_DATA RECORDS_.
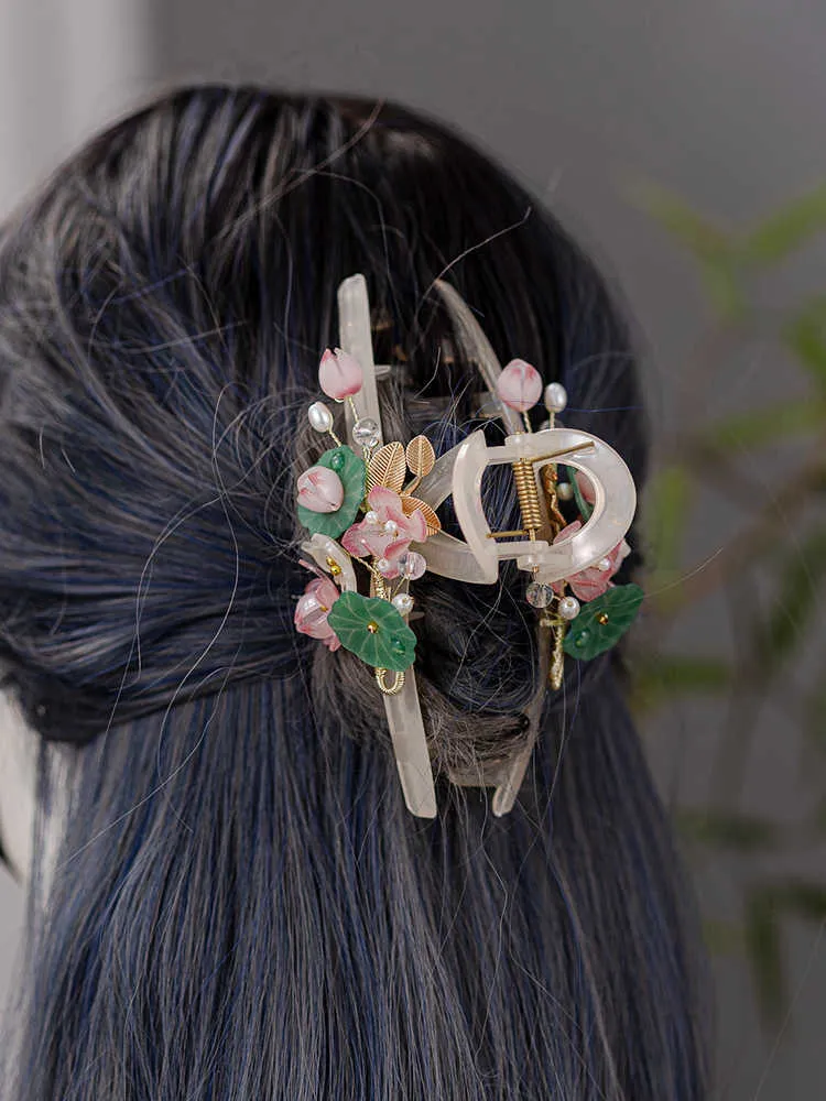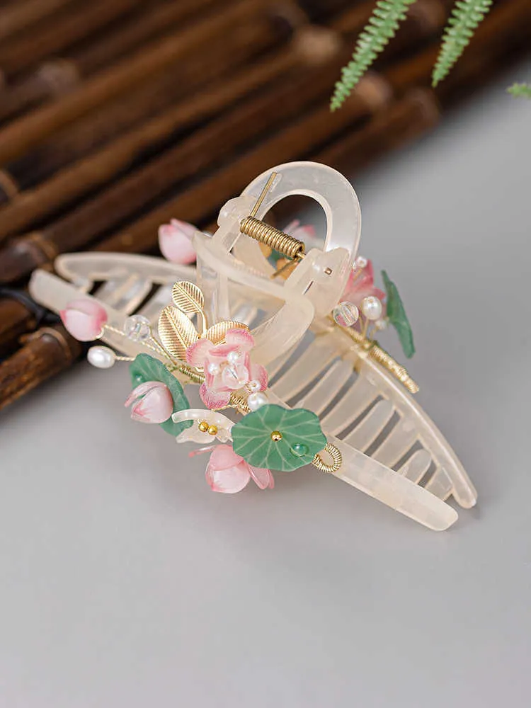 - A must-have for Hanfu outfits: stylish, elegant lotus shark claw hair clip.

---

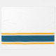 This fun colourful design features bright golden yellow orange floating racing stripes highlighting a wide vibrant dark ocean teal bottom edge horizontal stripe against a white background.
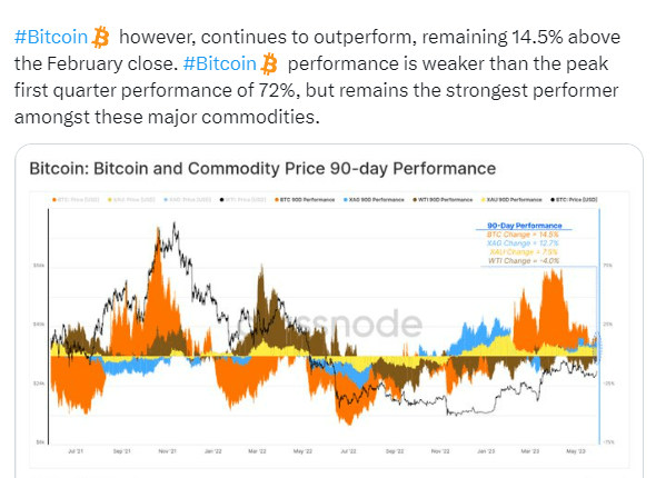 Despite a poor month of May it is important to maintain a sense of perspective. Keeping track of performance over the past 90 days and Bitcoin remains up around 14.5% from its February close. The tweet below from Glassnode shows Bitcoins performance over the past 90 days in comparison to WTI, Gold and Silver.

---

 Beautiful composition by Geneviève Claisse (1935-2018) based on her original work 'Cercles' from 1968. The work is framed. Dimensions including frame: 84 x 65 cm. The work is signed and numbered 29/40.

_WHAT THE TASK REQUIRES_.
Starting with the line that contains "This fun colourful" and finishing with the line that contains "Despite a poor", reproduce every line of the material above exactly, but not the pictures.

_RESPONSE BOX_.
 This fun colourful design features bright golden yellow orange floating racing stripes highlighting a wide vibrant dark ocean teal bottom edge horizontal stripe against a white background.
 Despite a poor month of May it is important to maintain a sense of perspective. Keeping track of performance over the past 90 days and Bitcoin remains up around 14.5% from its February close. The tweet below from Glassnode shows Bitcoins performance over the past 90 days in comparison to WTI, Gold and Silver.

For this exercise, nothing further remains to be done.